Generally there is not a(n immediate) practical solution.

Firstly we need to be more precise. Manifolds are very general spaces and cover every possible application of Hamiltonian Monte Carlo; in particular all real spaces are manifolds.

Consequently there are a few ways to interpret the problem:

  1. A user wants to define a model over a manifold not isomorphic to some real space.
  2. A user wants to define a model over a space implicitly defined by some real space \mathbb{R}^{N} and a sufficiently nice constraint function c: \mathbb{R}^{N} \rightarrow \mathbb{R}. For example the implicit space is defined by the kernel of the constraint function, c^{-1}(0). That implicit space might be non-Euclidean or not.

(1) is not possible directly.

Recall that Stan provides implementation of Hamiltonian Monte Carlo for real spaces. In particular Stan requires that the target distribution is defined by a probability density function, which requires global coordinates that span the entire ambient space. This immediately restricts the application of Stan to certain topological spaces – spheres, torii, Stiefel manifolds, and the like are all inadmissible because of their topological properties ( none of these spaces admit global coordinates, i.e. they are not isomorphic to \mathbb{R}^{N} for any N).
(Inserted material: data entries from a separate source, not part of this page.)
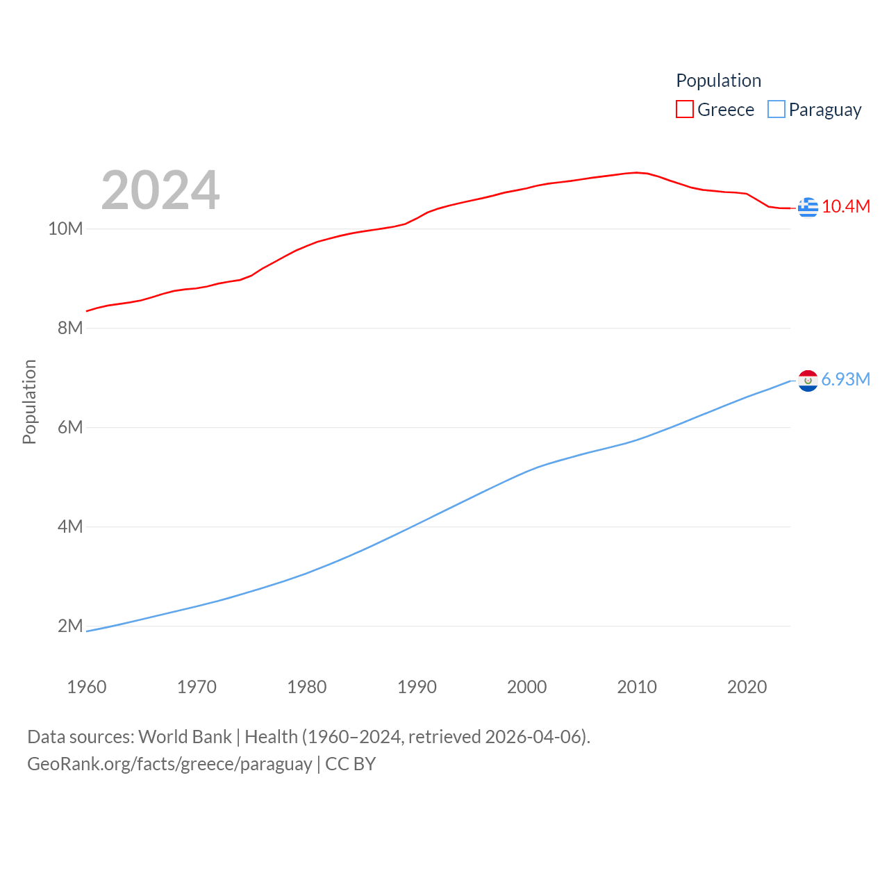 Greece has a population of 10.4M (ranked 94/197), compared with 6.93M in Paraguay (ranked 107/197). Greece's land area is 49,769 sq mi versus 152,901 sq mi for Paraguay (ranked 95th vs. 59th).
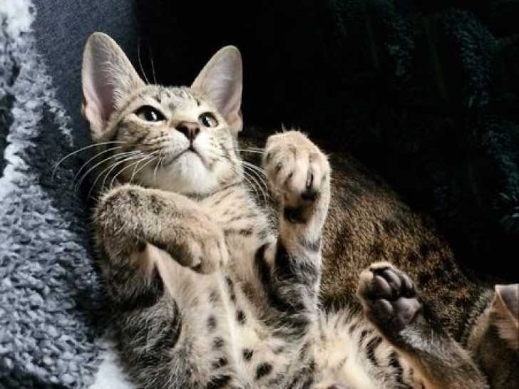 Chatons Savannah F5 disponibles Photo 1 : la femelle black spooted Photo 2 : le papa Voyou Photo 3 : la maman Vénus Nés le 11 octobre 2025, issus d’un superbe mariage entre Vénus (black spotted tabby)...
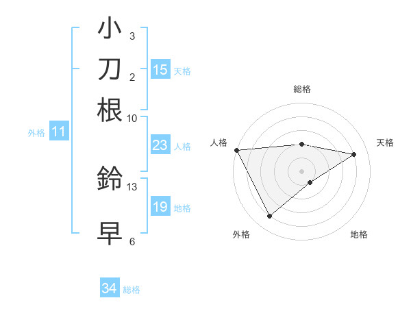 小刀根 鈴早さんを姓名の画数から五運を鑑定
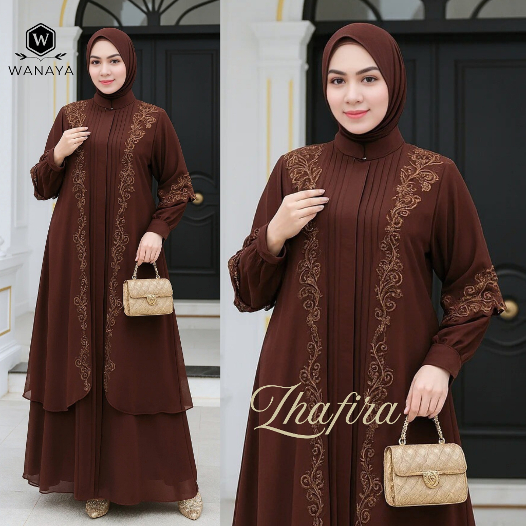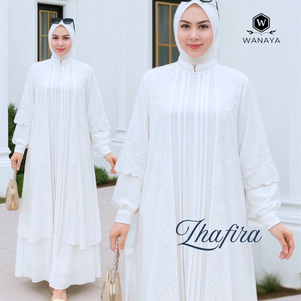 Gamis Zhafira Bahan Ceruty Babydoll Premium Dua Layer Outer Lepas Pasang Motif Bordir Wudhu Friendly
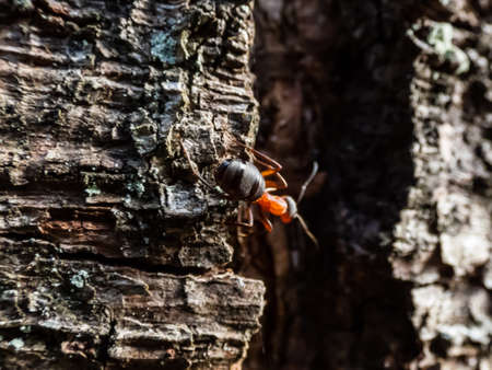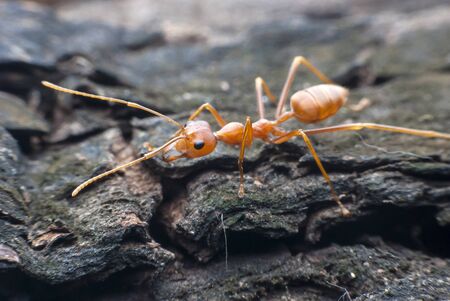 Red fire ants ant insect insects climbing around on tropical tree bark in Patong Beach Kathu District Phuket Island Province Southern Thailand in Southeast Asia.

Because of its geometric foundations Hamiltonian Monte Carlo can be implemented on any smooth manifold, including those not isomorphic to a real space. The implementations are more complicated (building symplectic integrators over these spaces requires being able to calculate evolution along geodesic curves, states have to be saved in local charts, etc), but perhaps a bigger limitation is that valid expectation values, and hence natural posterior summaries, become much more subtle (no natural moments, cumulants, quantiles). For these reasons and more Stan has maintained that limited scope to real ambient spaces.

What is possible?

Well if the target distribution strongly concentrates in some subset of the ambient space then it might be well-approximated by a target distribution that is exactly zero outside of that subset. If that patch of the ambient space is isomorphic to some real space then the approximate target distribution can be implemented in Stan. In differential geometric language this means that the target distribution concentrates within a single chart, so that the model can be implemented within that one chart (the chart being the formal name for those “almost bijections” mentioned in a few places in the thread).
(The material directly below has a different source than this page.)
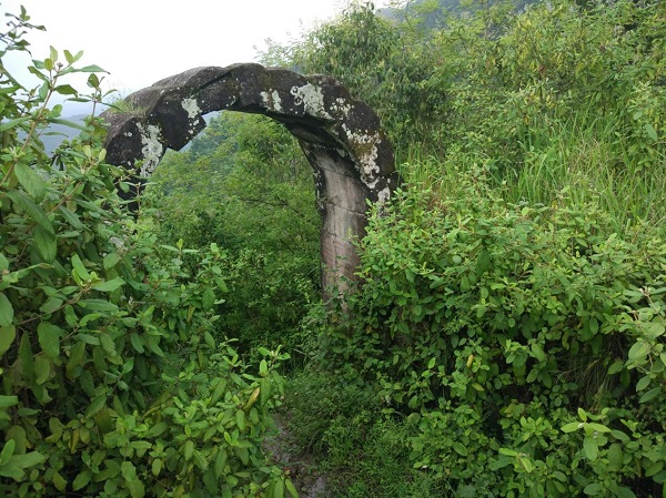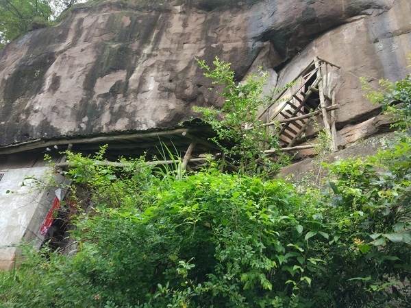 根據我們的了解“銅鼓寨是在明代以前建村的,當地村民介紹,當年張獻忠入川,燒殺搶掠,當地民眾為了避難,合力在山上修建起了城墻和東、西、南、北四道寨門,但在時間的作用下堅固的城墻毀于一旦。”我們艱難的跋涉了一段路程,終于找到了剩下的一道寨門的。寨門周圍雜草叢生,當年的風光早已不現。同時,銅鼓寨山勢險要,在山上也進行剿匪活動。當年紅軍為攻下此寨激戰三天三夜。“1933年10月22日,以唐博安、楊發清為首的匪徒在豐竇鋪戰敗后,率部負隅頑抗。為了消滅殘余勢力,10月23日,紅二十五軍和二十七師各一部,兵分兩路向銅鼓寨進發,經過激烈的戰斗,一舉攻下銅鼓寨,此后,紅軍又在多地進行戰斗,終于解決了蓬安的匪患。”我們懷著敬仰的心情瞻仰了“銅鼓寨遺跡”。這里的每塊石頭都經過時間的洗禮,默默無聲,似乎在述說著當年戰斗的艱辛。撫摸著石頭上深深淺淺的彈孔,感慨萬分。在返航的時候,在當地的人幫助下,我們找到當年的“土匪洞”,據村里面的人介紹,這個洞可以容納幾十號人。由于建筑年代久遠我們并沒有入洞,只是在外面看了看,就離開了。

Alternatively it might be possible to embed the ambient space into a higher-dimensional space that is isomorphic to a real space (mathematically this is always possible, but it might not be obvious how to do it in practice). If the model can be lifted to that higher-dimensional real space then it can be implemented there directly. This is how the unit vector type is implemented in Stan.

(2) is almost the opposite problem where we start on a high-dimensional space.
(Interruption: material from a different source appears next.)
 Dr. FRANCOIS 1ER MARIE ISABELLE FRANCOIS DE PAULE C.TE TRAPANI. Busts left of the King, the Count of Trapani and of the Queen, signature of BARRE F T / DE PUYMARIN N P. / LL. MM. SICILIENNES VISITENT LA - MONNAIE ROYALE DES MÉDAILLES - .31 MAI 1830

While not implemented in Stan there are Hamiltonian Monte Carlo implementations that can be defined for embedded spaces implicitly defined by a constraint function; see for example Markov Chain Monte Carlo on Constrained Spaces which uses the RATTLE symplectic integrator to generate transitions confined to the embedded space. The practical performance of these methods, however, will depend on the complexity of the embedded space.

If the implicit space is isomorphic to a real space then it will be possible to parameterize the embedded space directly. If the model is defined over the (higher-dimensional) embedding space, however, then one has to figure out how to project the higher-dimensional density function down to a lower-dimensional density function which goes back to those nasty integrals I mentioned above.

If the implicit space is not isomorphic to a real space then we’re back to the problems introduced in (1).

3 Likes

Thank you for your detailed answer.

To clarify the original question: I would like to learn more about the practical part of implementing the solution above. A reading list for a non-mathematician who has taken “user level” courses in multivariate analysis, linear algebra, and measure-theoretic probability would be very much appreciated. I understand that the subfield of mathematics that would answer this for me is (probably) differential geometry, but it is a vast field which I find difficult to navigate.